Рутина - Евгений Алехин
Шрифт:
Интервал:
Оскар дергался под моей рукой, что-то ему не нравилось. А мама Сигиты в тысячный раз повторяла со смехом:
– Он думает, что он до сих пор маленький! – И Сигите приходилось сталкивать Оскара со своих коленей – эту здоровенную дворнягу, мутанта с мордой овчарки, ушами кролика и мозгами насекомого.
– Ося думает, что он малыш, – говорила Сигита.
– Он вообще умеет думать? – тихонько спрашивал я, чтобы мама не слышала.

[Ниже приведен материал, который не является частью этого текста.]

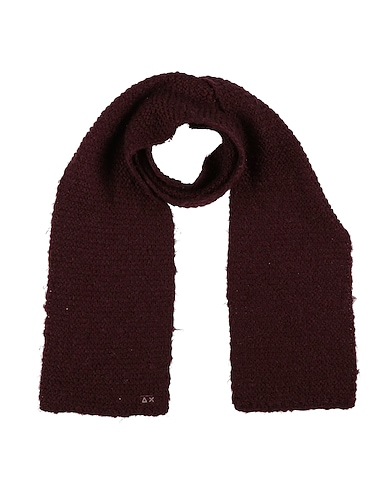 scarf, knitted, medium-weight knit, solid color, brand logo, hand wash or dry clean, do not bleach, do not tumble dry
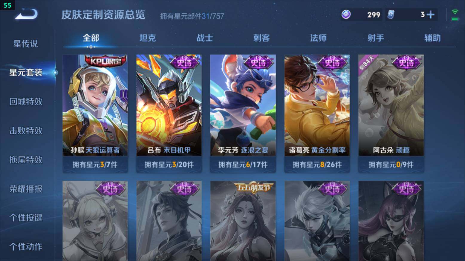 【限定皮肤】:狄仁杰阴阳师,赵云皇家上将,孙膑天狼运算者,元歌云间偶戏,狄仁杰魔术师,狄仁杰万华元夜,项羽海滩派对,老夫子醍醐杖,貂蝉遇见胡旋,程咬金演武夺筹,亚瑟潮玩骑士王,虞姬霸王别姬,钟馗驱傩正仪,干将莫邪冰霜恋
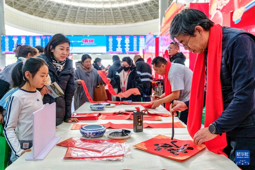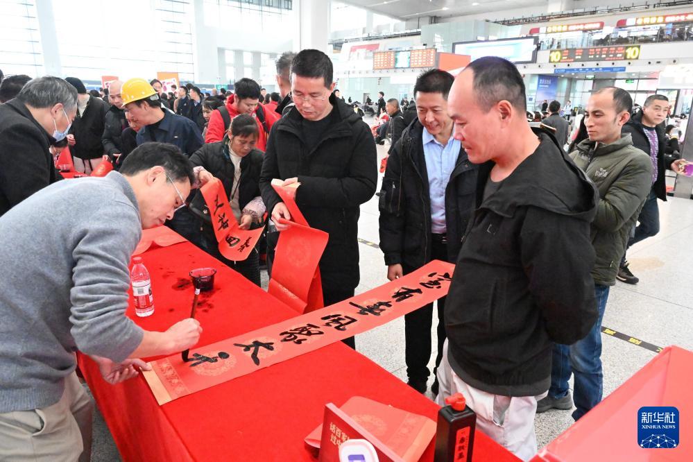 2月2日,在內(nèi)蒙古呼和浩特市呼和浩特東站,書法家為旅客們現(xiàn)場寫春聯(lián)。
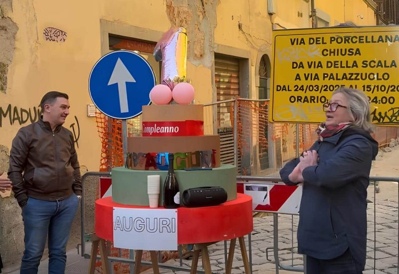 Dopo il lancio dell’iniziativa “Adotta la tua transenna del cuore”, ecco che in via del Porcellana i residenti festeggiano il primo compleanno dei lavori fantasma di Publiacqua, che avrebbero dovuto concludersi a fine mese. Ieri, 24 marzo, si è svolta in loco una festa partecipata “per rendere omaggio a questo monumento del degrado amministrativo”. E, puntualmente, i residenti (e non solo) si sono recati sul posto con addobbi, cotillons e la torta (di cartone) di circostanza.

Сигита толкала меня локтем.
Гулять с Оскаром нам было не очень. Пока я водил его на поводке, он мог только помочиться. Но моя работа была гулять с ним, пока он не сходит по-большому. Я обходил дворы, оттаскивал его от других собак. Парень терпел из последних сил: то ли из упрямства, то ли у него был синдром застенчивого кишечника, не знаю. Ладно, я, наконец, жалел его и бросал поводок. Он отходил к каким-нибудь кустам, я совал руки в карманы, но был начеку. Стоит мне дернуться чуть раньше, чем Оскар начнет сбрасывать груз, – люк закроется еще на полчаса. Поэтому я делал вид, что забыл об Оскаре.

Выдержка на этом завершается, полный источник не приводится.